Comparative Study of Starch Phosphorylase Genes and Encoded Proteins in Various Monocots and Dicots with Emphasis on Maize

Guowu Yu  1   2 Noman Shoaib  1 Ying Xie  1 Lun Liu  1 Nishbah Mughal  1 Yangping Li  2 Huanhuan Huang  1 Na Zhang  3 Junjie Zhang  4 Yinghong Liu  5 Yufeng Hu  2 Hanmei Liu  4 Yubi Huang  1   2
Affiliations

Comparative Study of Starch Phosphorylase Genes and Encoded Proteins in Various Monocots and Dicots with Emphasis on Maize

Guowu Yu et al. Int J Mol Sci. .

Abstract

Starch phosphorylase (PHO) is a multimeric enzyme with two distinct isoforms: plastidial starch phosphorylase (PHO1) and cytosolic starch phosphorylase (PHO2). PHO1 specifically resides in the plastid, while PHO2 is found in the cytosol. Both play a critical role in the synthesis and degradation of starch. This study aimed to report the detailed structure, function, and evolution of genes encoding PHO1 and PHO2 and their protein ligand-binding sites in eight monocots and four dicots. "True" orthologs of PHO1 and PHO2 of Oryza sativa were identified, and the structure of the enzyme at the protein level was studied.

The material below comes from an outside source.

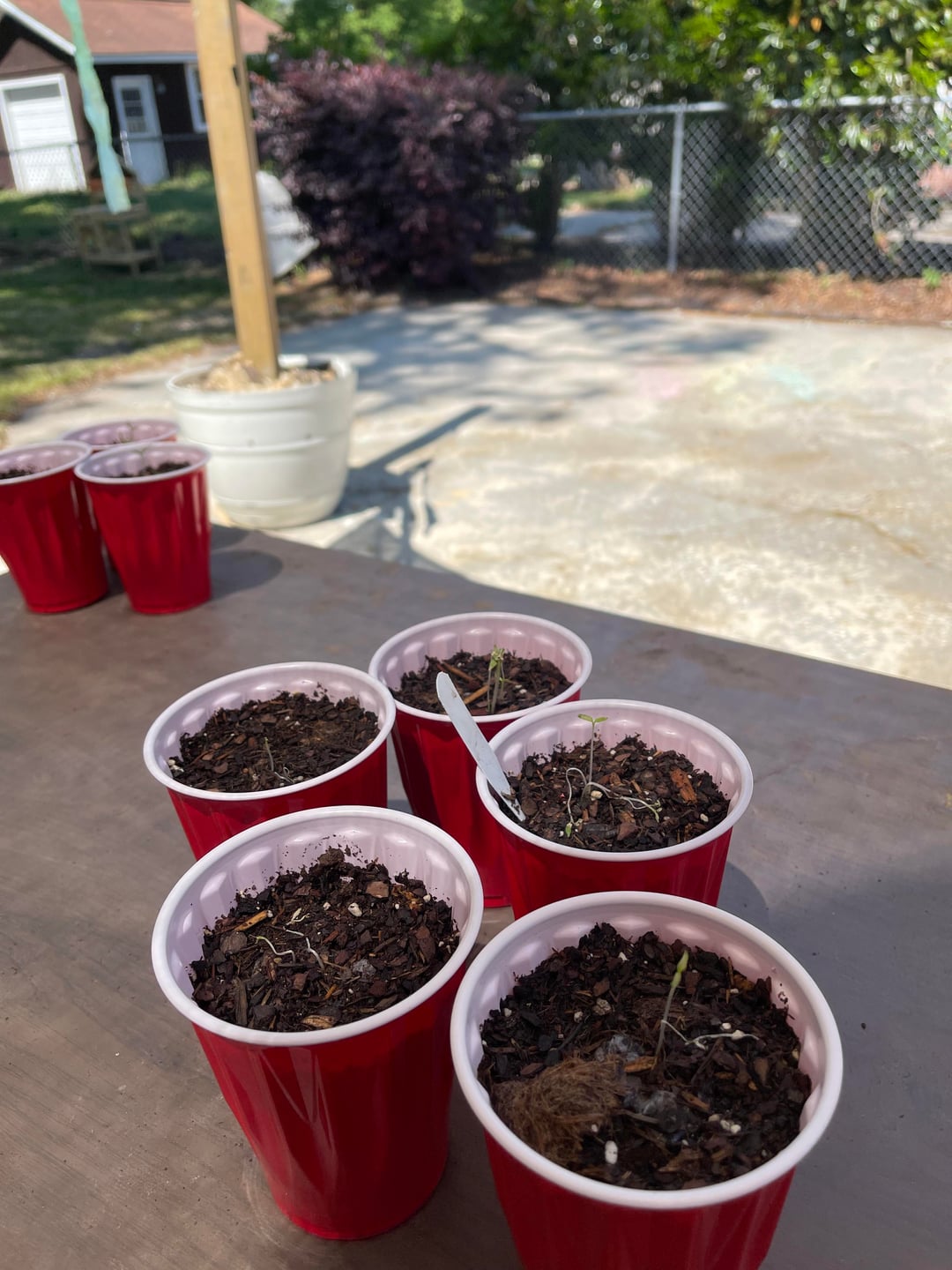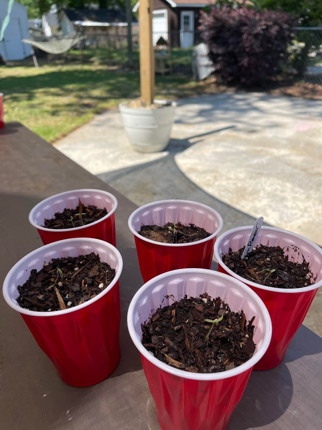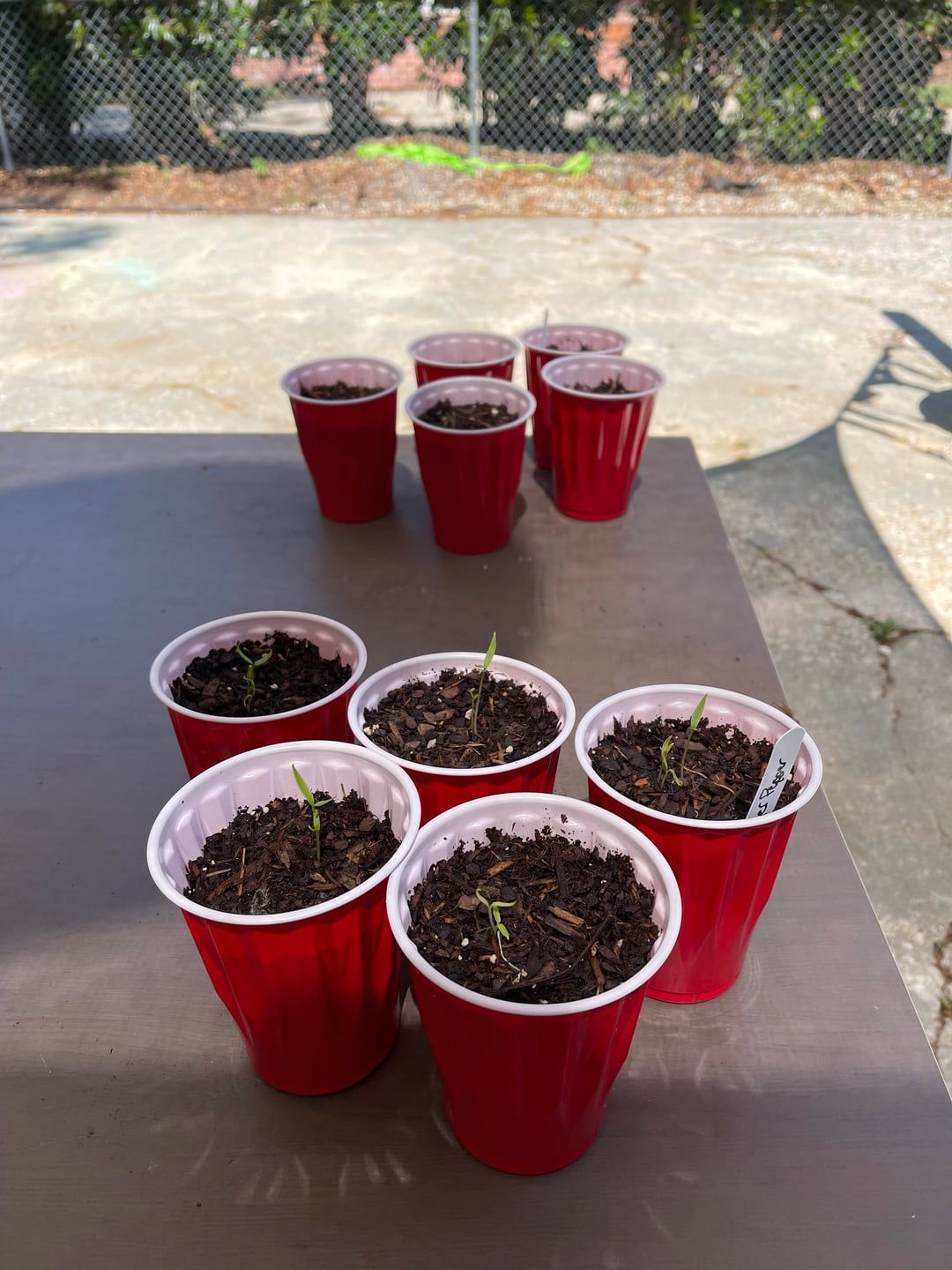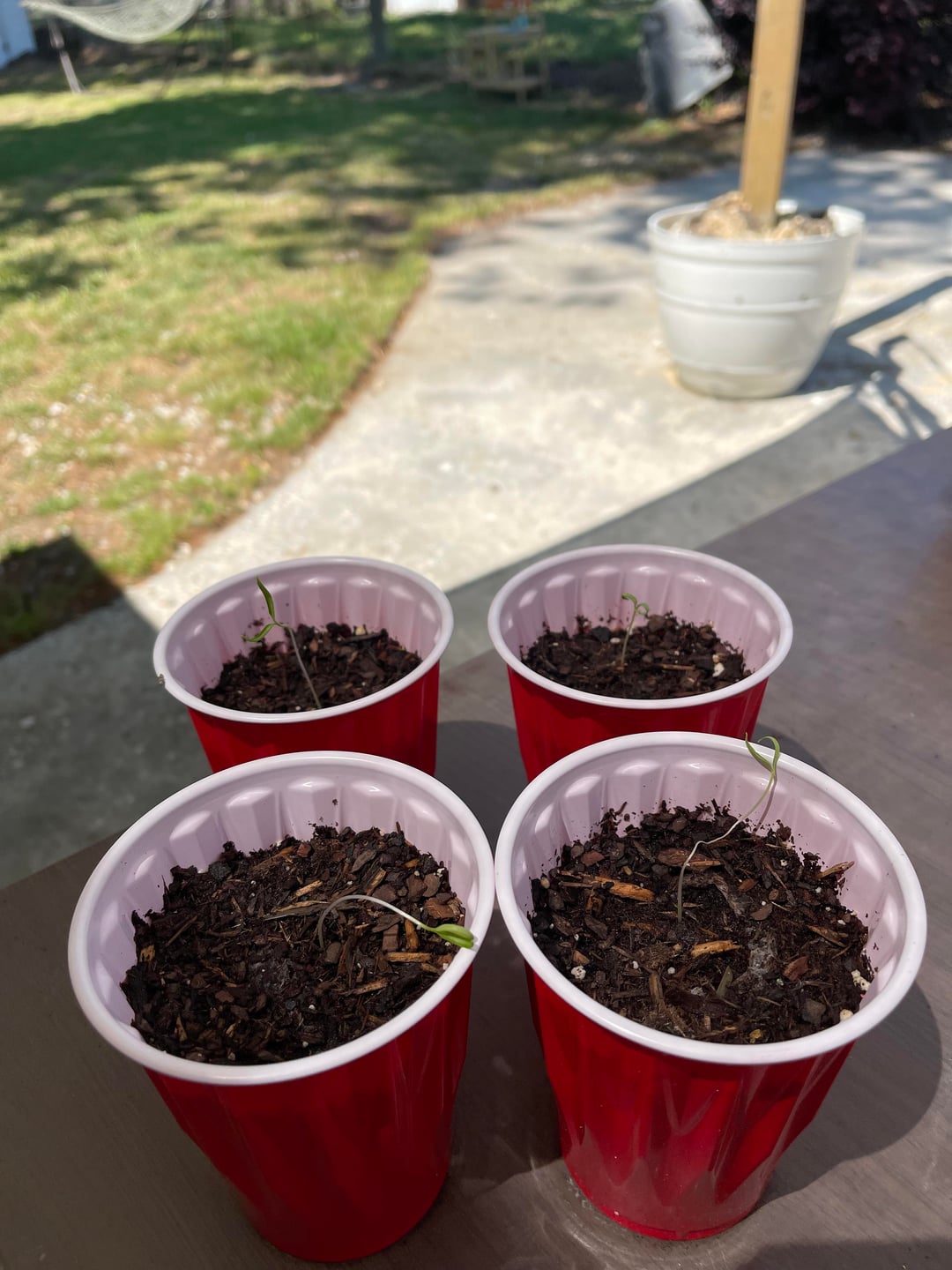 Hey all, not necessarily a novice to this but it’s been a while since I’ve done it. I have 5 of each kind of pepper plant seeded, 22 of 25 sprouted. I moved them to solo cups and kept them indirect sunlight until yesterday when I decided to let them get full sun (not under patio shown) and noticed quick deterioration. Is there anything I can do to reverse or keep these peppers going or am I going to have to start all over?

The genes controlling PHO2 were found to be more conserved than those controlling PHO1; the variations were mainly due to the variable sequence and length of introns. Cis-regulatory elements in the promoter region of both genes were identified, and the expression pattern was analyzed. The real-time quantitative polymerase chain reaction indicated that PHO2 was expressed in all tissues with a uniform pattern of transcripts, and the expression pattern of PHO1 indicates that it probably contributes to the starch biosynthesis during seed development in Zea mays. Under abscisic acid (ABA) treatment, PHO1 was found to be downregulated in Arabidopsis and Hordeum vulgare. However, we found that ABA could up-regulate the expression of both PHO1 and PHO2 within 12 h in Zea mays. In all monocots and dicots, the 3D structures were highly similar, and the ligand-binding sites were common yet fluctuating in the position of aa residues.

Keywords: comparative study; cytosolic starch phosphorylase; plastidial starch phosphorylase; starch phosphorylase.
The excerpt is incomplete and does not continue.